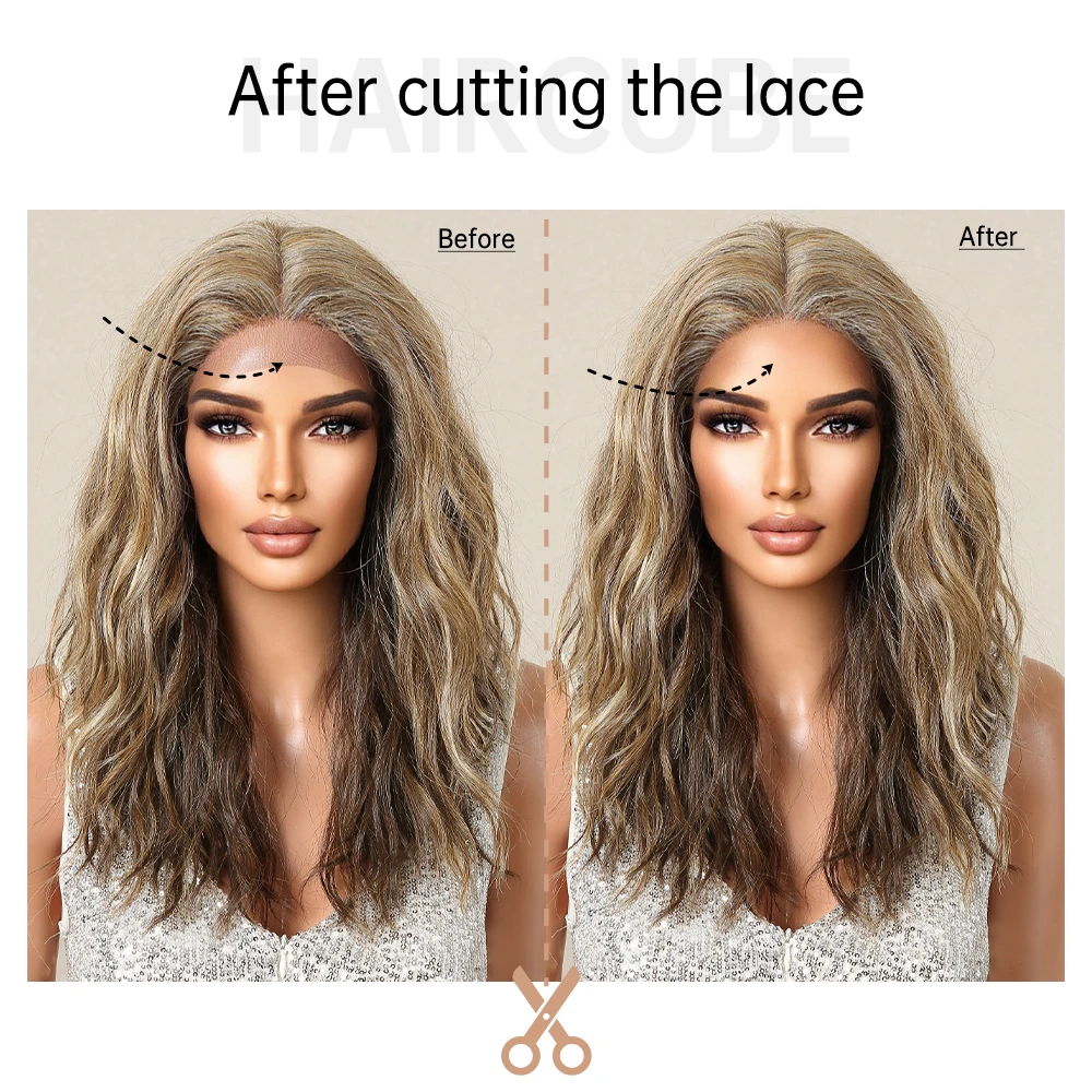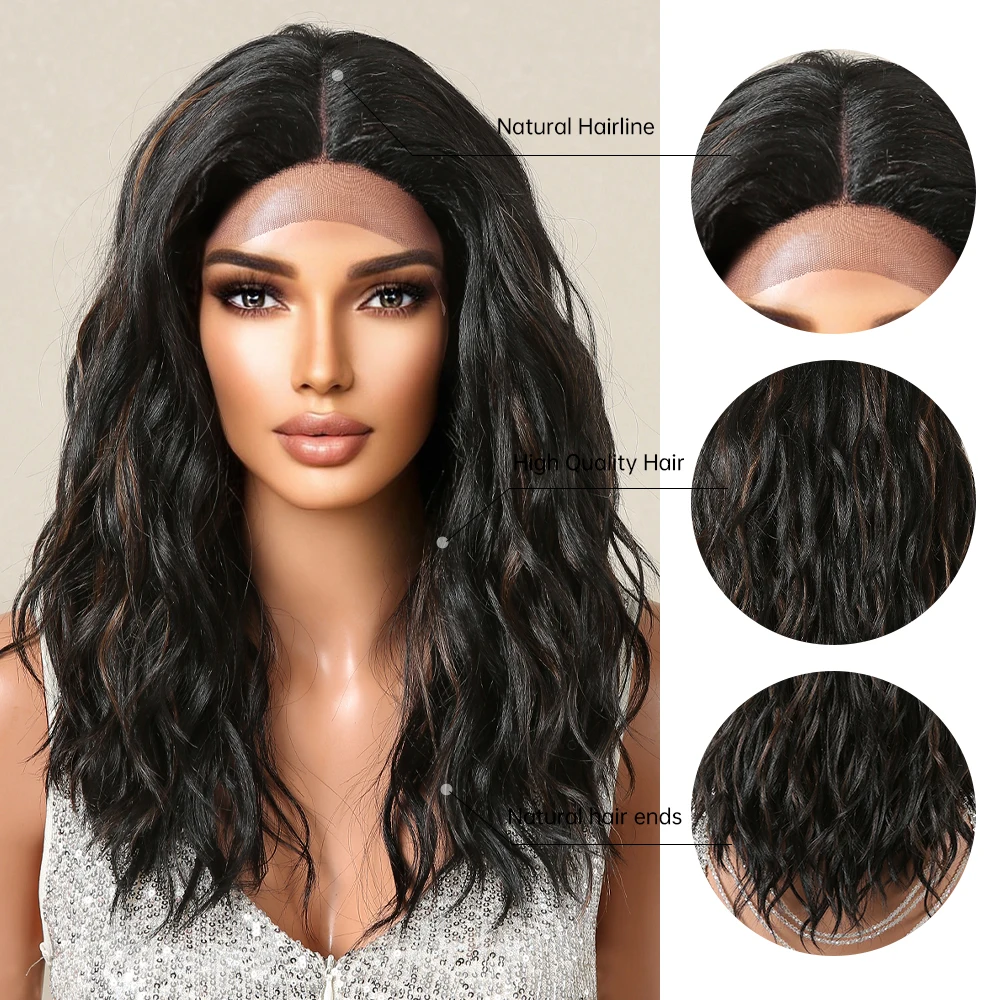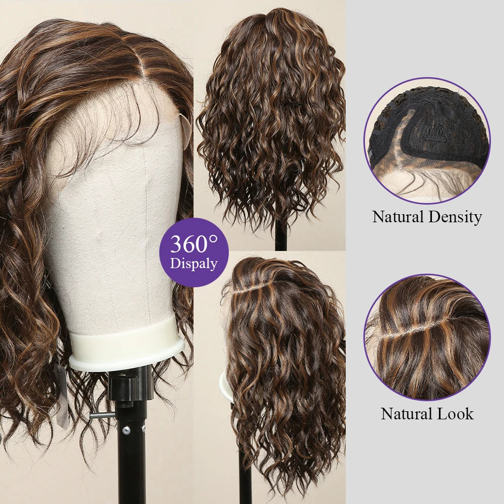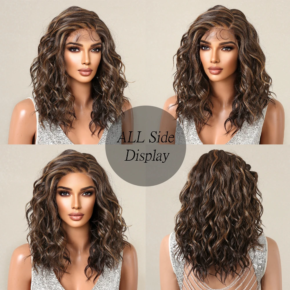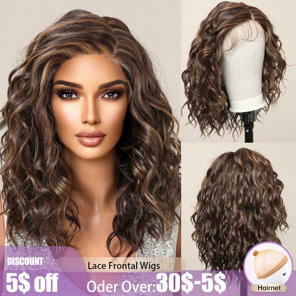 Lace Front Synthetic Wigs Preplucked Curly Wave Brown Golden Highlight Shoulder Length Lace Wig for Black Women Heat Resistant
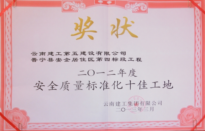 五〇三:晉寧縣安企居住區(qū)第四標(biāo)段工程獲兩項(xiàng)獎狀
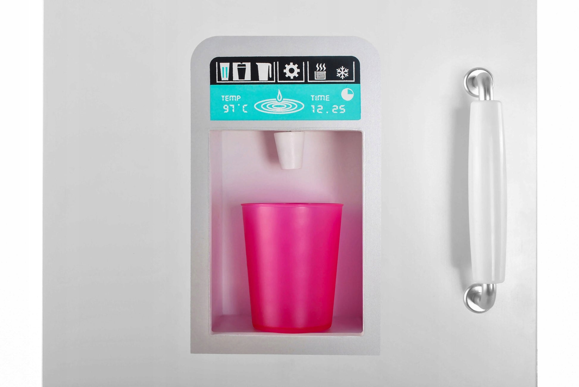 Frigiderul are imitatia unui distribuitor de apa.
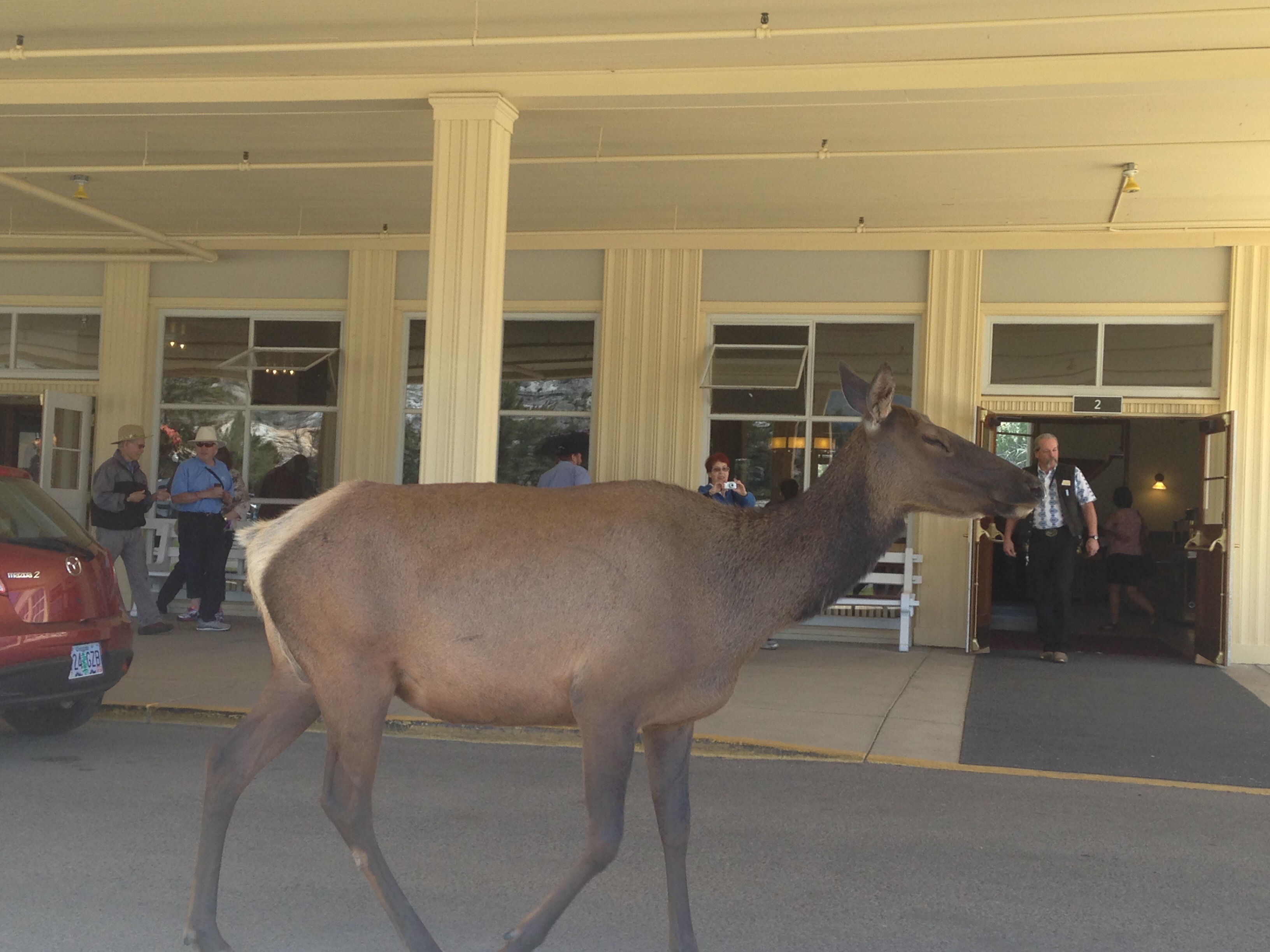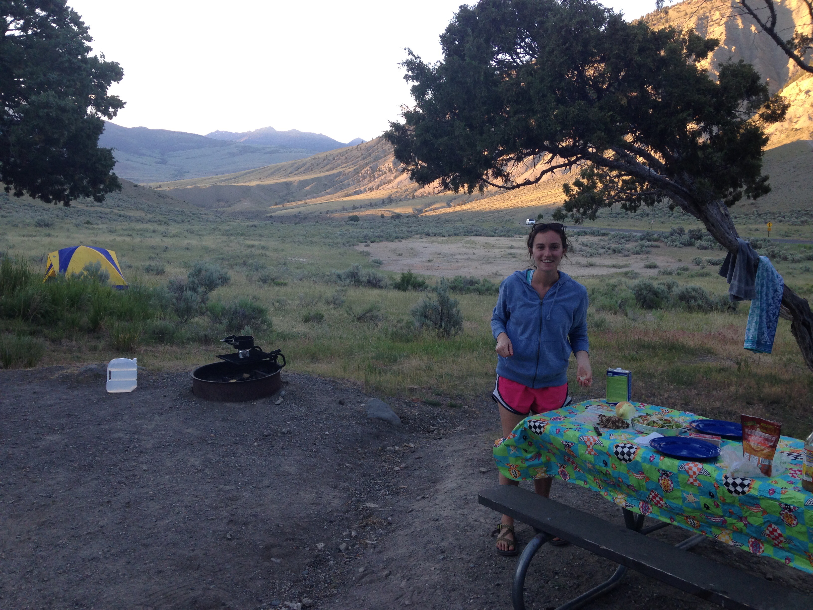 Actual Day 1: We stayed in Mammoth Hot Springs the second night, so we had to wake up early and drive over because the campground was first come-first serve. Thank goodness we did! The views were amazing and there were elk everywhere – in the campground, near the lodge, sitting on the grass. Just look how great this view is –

**TASK OBJECTIVE**
Nothing but the lines from the one containing "Frigiderul are imitatia" through the end of the listing is to be output, and those lines are to be output exactly, pictures excluded.

**REPLY TO THE EXERCISE**
 Frigiderul are imitatia unui distribuitor de apa.
 Actual Day 1: We stayed in Mammoth Hot Springs the second night, so we had to wake up early and drive over because the campground was first come-first serve. Thank goodness we did! The views were amazing and there were elk everywhere – in the campground, near the lodge, sitting on the grass. Just look how great this view is –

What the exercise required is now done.